When it comes to the massive data breach at the state Department of Revenue, a lot of South Carolinians have heard about it and don’t think enough was done to stop it, a survey finds.
Three of four South Carolinians said the state government did not have adequate protection when hackers stole financial data belonging to 6.4 million taxpayers, children and businesses, according to exclusive Winthrop University poll questions asked for The State.
The survey questions also found more than nine out of 10 South Carolinians had heard about the hacking – an unusually high number based on typical news-gathering habits, Winthrop political scientist Scott Huffmon said.
The hacking incident could come back to haunt the political fortunes of first-term Republican Gov. Nikki Haley.
Haley’s approval rating – at 38 percent among the almost 1,000 South Carolinians surveyed – is even lower among those who thought the state failed to protect personal data such as Social Security numbers – dropping to 35 percent, according to the poll.

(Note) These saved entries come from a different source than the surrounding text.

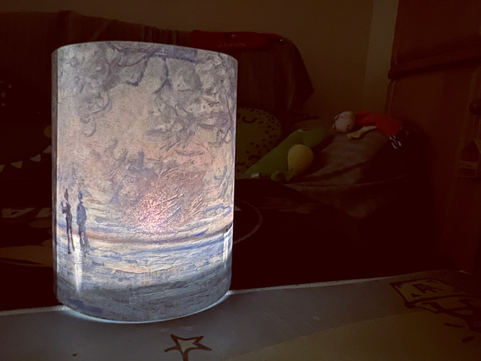 頂流的待遇就是連周邊都會(huì)比其他藝術(shù)家更多些,走出巴貝里尼博物館「印象派之冬」的展廳,進(jìn)入博物館附帶的藝術(shù)品商店,莫奈的《霜降吉維尼》已被制成燭臺(tái),點(diǎn)亮之后,氛圍感確是一頂一的寧?kù)o。
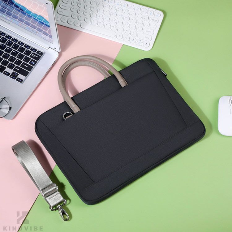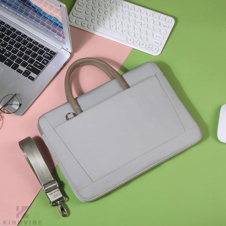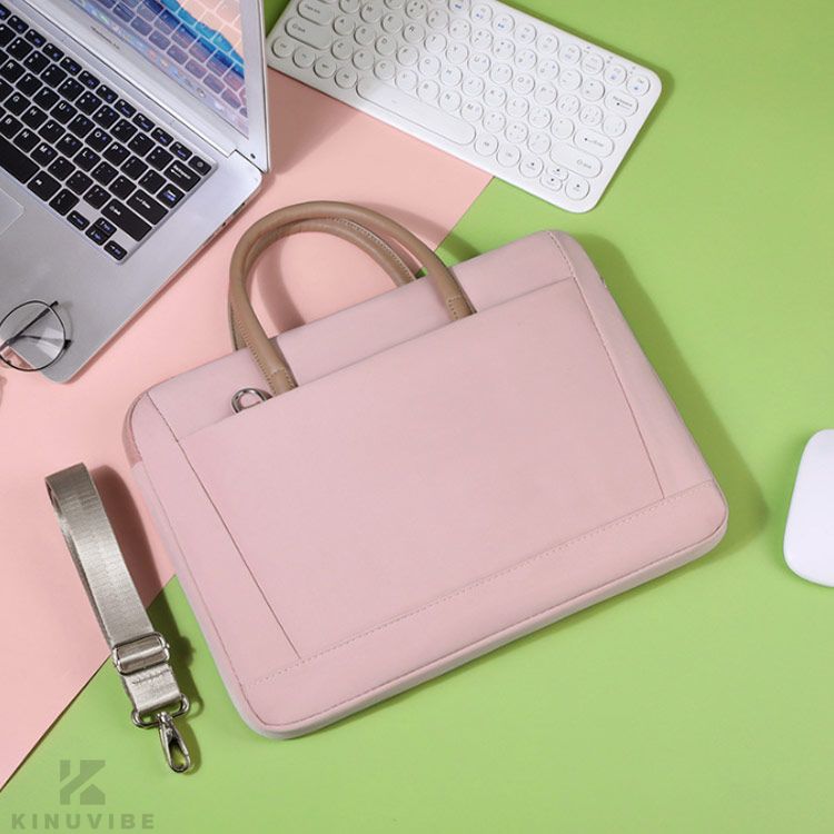 3Way【大人可愛いPCケース】 13-16.1インチ対応バッグの前側にはワイドポケットがあり、そこには小物を整理するための仕切りも付いています。内側は柔らかな緩衝材が施され、大切なPCを優しく包み込みます。さらに、キャリーバッグにも簡単に取り付けられる装着ベルトが付いており、出張や旅行にも便利です。このケースは防水性に優れており、傷にも強いので安心してお使いいただけます。ダブルファスナーは開閉がスムーズで、忙しい日常でもストレスなく利用できます。また、オシャレな合皮の取っ手が付いており、持ち運びもおしゃれに演出します。さらに、取り外し可能な肩掛けバンドも付属しており、長さも調整可能です。これで、お好みのスタイルで持ち運びが可能です。サイズは13-13.3インチ、14-14.6インチ、15-16.1インチの3種類をご用意しており、カラーはブラック、グリーン、グレー、ピンク、ブルー、ベージュの6色からお選びいただけます。自分らしいスタイルで、快適なPCライフをお楽しみください。
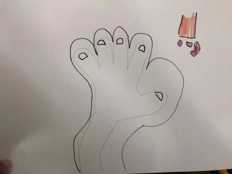 对抗病毒,最重要的一个防范措施就是洗手,可欣老师让小彩虹在白纸上画上自己的小手,还有水龙头和肥皂。
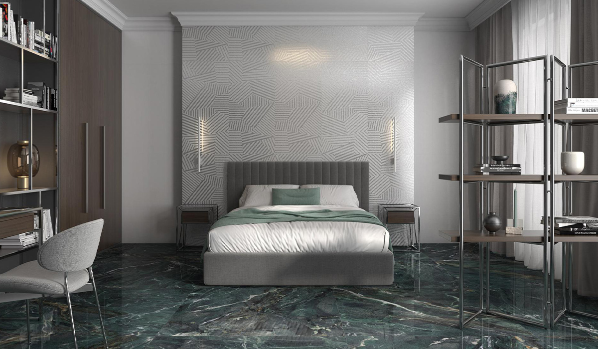 Развитие технологий и новейшие вызовы общества способствуют интеграции пространства наших домов в многофункциональные помещения. Эти тонкости и изменения легко улавливают дизайнеры, предлагая эстетические и практичные решения интерьеров, таких как дизайн спальни на фото. Эта просторная комната может стать репрезентативным образцом современной культуры и образа жизни человека. Здесь комфорт спального места, демонстрирующий кровать Richman Санам 180*200 темно-серое, является центральным выразительным акцентом. Естественно, что много работающий человек нуждается в качественном отдыхе. Комплект постельного белья Frette Enrichetta FRCOT01 200*220 см является не только изысканным украшением кровати, он также отвечает актуальным требованиям покупателей: натуральность, гипоаллергенность, воздухопроницаемость и высокая износостойкость. Особого внимания заслуживает пол комнаты, украшенный керамогранитом Cerrad La Mania Brazilian Quartzite green pol 119,7*279,7 см зеленый. Он убеждает, что такое покрытие является не только практическим решением, облегчающим уборку, но и отличным художественным элементом, создающим монументальное пространство вечной красоты камня и его динамического характера. Пол изменяет само восприятие спальни как комнаты отдыха, придавая ей новые смыслы и значения. Светлое исполнение стен и обрамление потолочным плинтусом Marbet LUX E-33 86*56 мм 2 м сбалансирует прочность и роскошь керамогранита, придавая легкости, невесомости и простоты. Важным элементом современного интерьера световое оформление. Светильники светодиодные настенные Luminaria Stick 8W L600 220V белые над изголовьем создают выразительные композиционные акценты и многогранную игру света. Их элегантный дизайн убеждает, что hi-tech в спальне не нарушает уюта и гармонии. Металлические детали мебели, стильный декор, книги, ваза Bohemia White Matt 82562-382248 30 см – безупречный набор, характеризующий не только личность владельца, но и ритм его жизни.
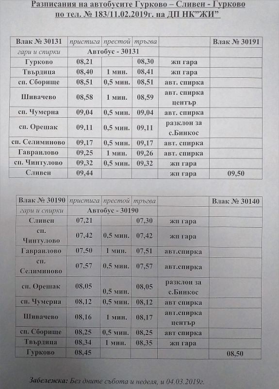 Назначават се влакове №№ 3681 Сливен – Бургас, 3682 Бургас - Сливен, 30190 Бургас – Сливен и 30191 Сливен – Зимница.
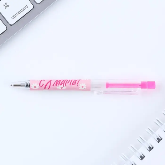 Ручка шариковая, синяя паста, 0.5 мм, автоматическая мини «С 8 марта!»
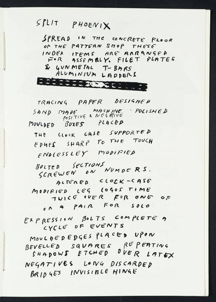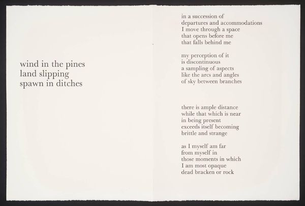 Editor: This untitled piece by Ian McKeever features text printed on a broad sheet. The arrangement of the text strikes me as quite fragmented and sparse, almost like a constellation. What do you see in its composition? Curator: The interplay between the textual elements and the negative space is indeed compelling. Consider the deliberate placement of the words. How does this calculated arrangement contribute to the work's overall impact? Editor: I think it creates a sense of isolation, but also invites the viewer to pause and consider each phrase independently before relating it to the others. What is the purpose of that? Curator: Precisely. It is through this careful orchestration of form and content that McKeever constructs meaning, prompting us to delve into the structural relationship between language and visual representation itself. I learned about new perspectives in this artwork. Editor: Me too!
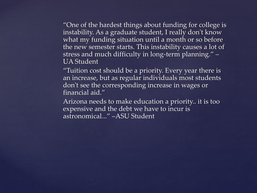 “One of the hardest things about funding for college is instability. As a graduate student, I really don't know what my funding situation until a month or so before the new semester starts. This instability causes a lot of stress and much difficulty in long-term planning.” –UA Student “Tuition cost should be a priority. Every year there is an increase, but as regular individuals most students don't see the corresponding increase in wages or financial aid.” Arizona needs to make education a priority.. it is too expensive and the debt we have to incur is astronomical...” –ASU Student
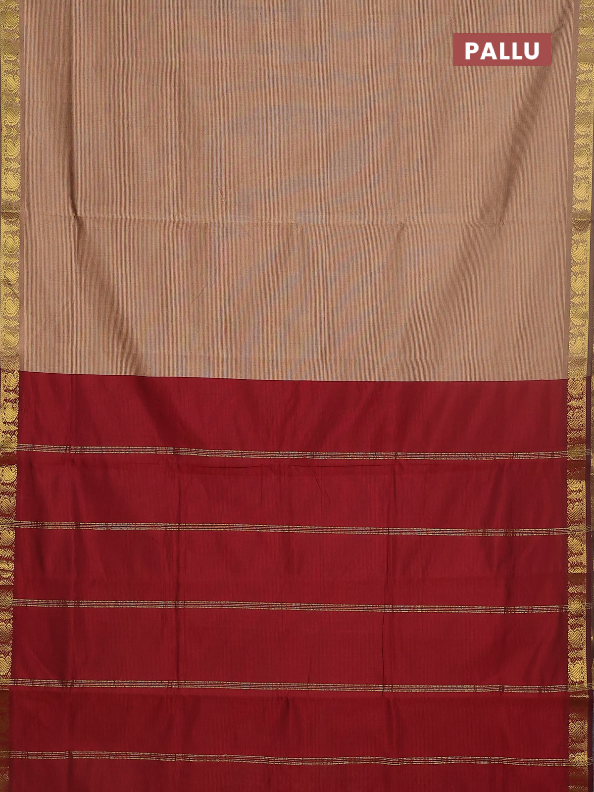 10 yards Poly cotton saree beige and maroon with plain body and zari woven border
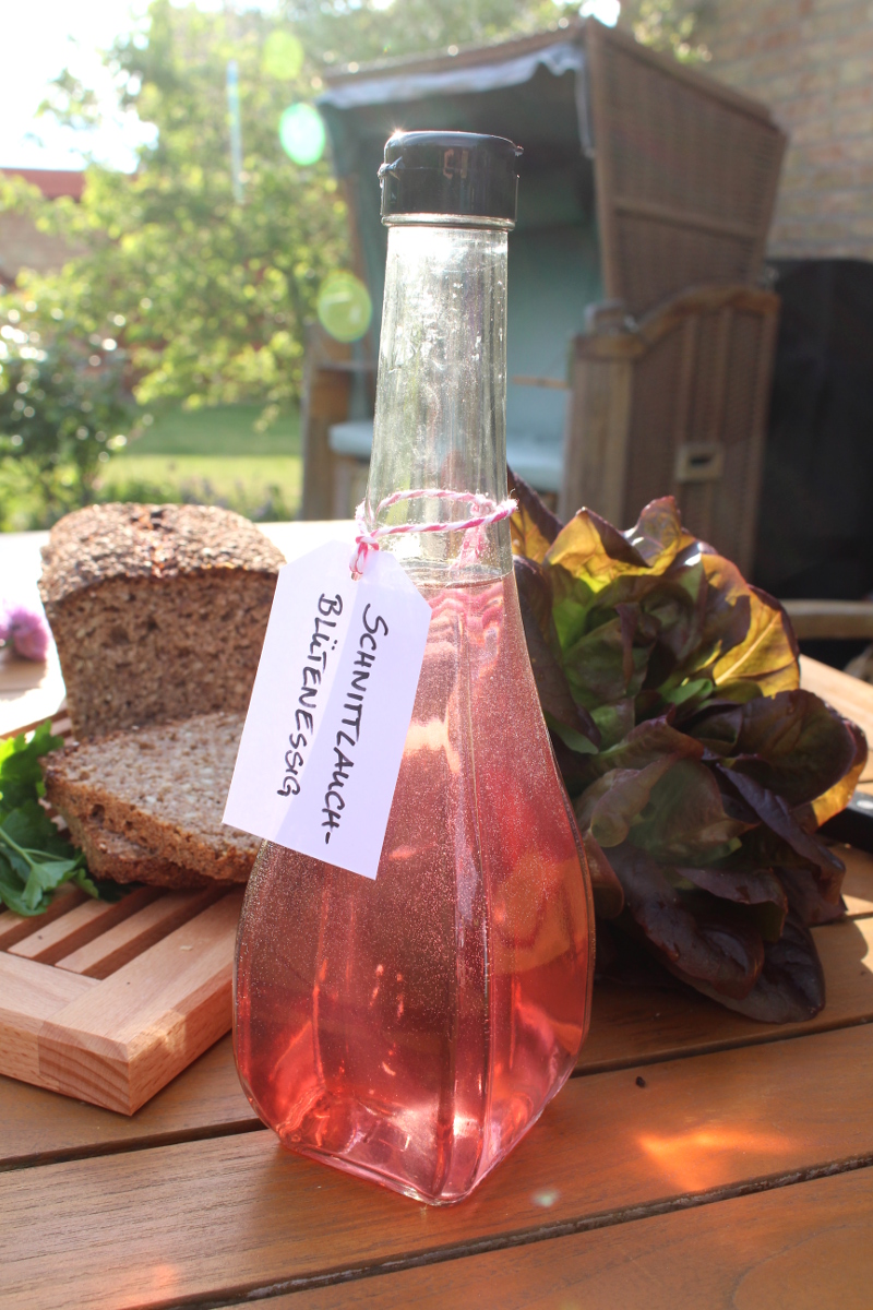Hier noch einmal der Essig in seiner pinken Pracht. Eine Vollkornbrotstulle mit der würzigen Schnittlauchblütenbutter ist echt der Hammer und die Männer in der Familie nickten anerkennend nach dem ersten Bissen. Echte Frühlingsküche! Na, wäre das auch etwas für dich?
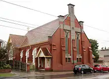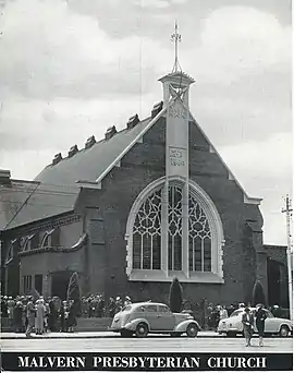 Built in 1928 as St Andrew's Presbyterian, Oakleigh[14] and designed by Haddon in cooperation with his business partner, William Henderson, this building confidently sits the corner of Drummond and Palmer Streets,[15] Oakleigh. Short and squat with an octagonal castellated tower, the windows, brickwork and restrained adornment look decidedly "Haddonian" as Professor Miles Lewis AM of Melbourne University states in a 1991 National Trust of Victoria publication.[16] While Professor Lewis goes on to describe the cantilevered wrought iron lamp over the entrance and a blind oculus in the western wall, he is clearly not a fan and calls the spire "risible". In Miles Lewis' words, an overall mannered and clumsy form. However, with the benefit of two and a half decades, tastes have moved on from Lewis' time to reassess this era of building. Similar to Malvern and St Stephen's, Caulfield, the Oakleigh church enjoys a cement gable treatment enhancing the focus on the apex, and proudly displaying the year of construction. The overall impression is coherent and pleasing in its suburban scale. Recent sympathetic additions have enhanced the facilities of this attractive campus but the Haddon building still sits the corner site well. Its presence shows a transition to the heavier, monolithic presence of the moderne and Art Deco of the 1920-30s. In this sense, Haddon carries forward his Arts and Crafts ideals but has left the gothic well behind and synthesized for the new architecture of the inter-war period.
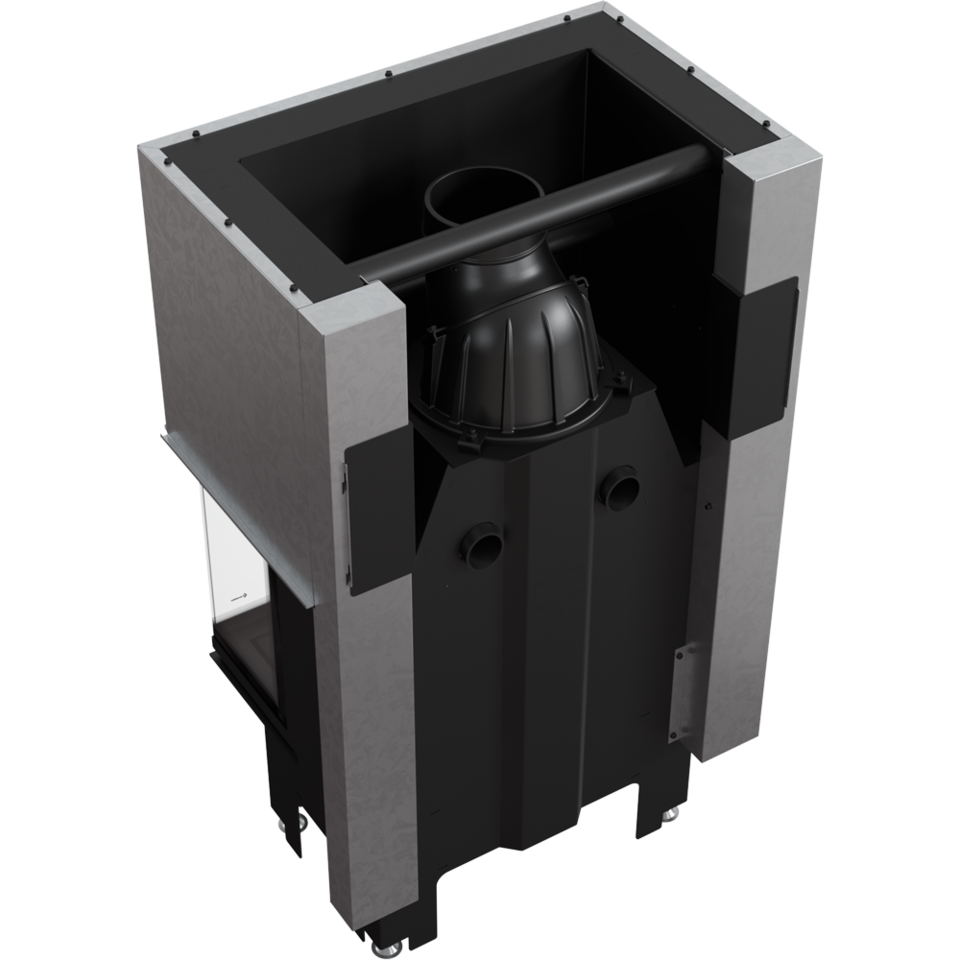 Efektywniejsze spalanie i dłuższe utrzymywanie temperatury następuje dzięki wyłożeniu komory spalania Acumotte, materiałem akumulującym ciepło, który podwyższa temperaturę w palenisku. Dodatkowo jego gładka, biała powierzchnia efektownie prezentuje się wewnątrz kominka.

Meanwhile, Haley’s job disapproval mark – 41 percent among all surveyed – jumped to 46 percent among those unhappy with how the state protected the information.
Huffmon said some of the increased negativity thrown at Haley might not be because of her job performance with the breach. “I’d say it is more likely for those who disapprove of Haley to assign blame for failing to adequately secure the data to the ‘South Carolina government’ for whom Haley is the public face,” he said.
However, political consultants say the hacking represents the biggest crisis of Haley’s two years in office and could define her re-election bid in 2014 if she decides to run.
Haley is contending with people who are upset that it took the state 16 days, after it first learned of the breach, to tell the public and about facts changing at press briefings. Initially, for example, the governor said nothing could have stopped the hackers and no businesses information was stolen.
“It’s hard to tell if we’ve heard the end of the hacking story,” Columbia-based political consultant Steve Fooshe said.
‘I’m sorry’ not enough
Thieves swiped Social Security numbers and other sensitive data belonging to 3.8 million taxpayers with 1.9 million dependents as well as nearly 700,000 businesses in mid-September. The hacking of the mostly unencrypted data is thought to be the largest-ever nationwide at a state agency.
The significant show of concern about the hacking incident in the poll means state officials need to come up with a proportional response, Huffmon said.
“They need to make a big show about beefing up security,” he said. S.C. residents “will need to know how their data will be protected in the future. A simple ‘I’m sorry’ won’t be enough.”
Haley has not apologized, but she now says the state could have done more to protect sensitive financial data. She also has blamed Internal Revenue Service regulations that did not require that states encrypt tax data resting in computer servers.
“Gov. Haley certainly counts herself among the 74.6 percent of South Carolinians who think the state was not providing state-of-the-art computer security,” her spokesman Rob Godfrey said. “South Carolina was way behind, and we’re fixing it as quickly as we can.”
The state has taken several steps, costing $20 million so far, to safeguard information and to help people whose Social Security numbers and other data were swiped.
The Revenue Department is spending $5 million to encrypt tax information. More than 900,000 taxpayers also have signed up for a free year of credit monitoring under a $12 million state contract with Experian. The state Senate and S.C. House also have appointed special investigative committees to look into the breach that could propose legislation to improve security.
“I see this as a huge failure on the part of South Carolina,” said House Minority Leader Harry Ott, a Calhoun Democrat who is vice chair of the hacking committee. “I do not believe enough has been done.”
State Rep. Dwight Loftis, a Greenville Republican who is a member of the hacking committee, said, for the third straight year, he plans to introduce a bill to make the state chief information officer, in charge of state computer systems, a cabinet-level job. State agencies individually run their own computer operations now.
“Maybe it will get some more attention this time,” Loftis said.
Other measures could include outsourcing some computer security work to get the latest expertise, Loftis said. “Yes, it’s expensive, but how much does the hacking cost all those people?”
‘This affects everyone’
The number of South Carolinians with some knowledge of the breach was higher than Huffmon expected, based on the estimated 40 percent of people who do not regularly watch the news or get their news from cable television, which does not regularly cover state issues.
About 73 percent of those polled said they were very or somewhat familiar with the breach. Another 18.5 percent said they heard about the cyber attack but did not know the details.
Only 8.3 percent of respondents had no clue that hackers might have stolen their tax data.
“When you have people who are not following general news knowing about this, you’re going to need to address this in a meaningful way,” Huffmon said. “This is not some arcane policy. This affects everyone.”
Letters to consumers and businesses notifying them of the breach should start going out this week. Those letters will include alerts for the 3.3 million taxpayers whose bank account numbers were exposed because that routing information had been used to get direct deposit of refunds. The data stolen dates back to 1998 but affected only tax returns that were filed electronically.
Winthrop surveyed 929 respondents from Nov. 25 through Dec. 2. The poll has a margin of error of plus or minus 3.5 percent.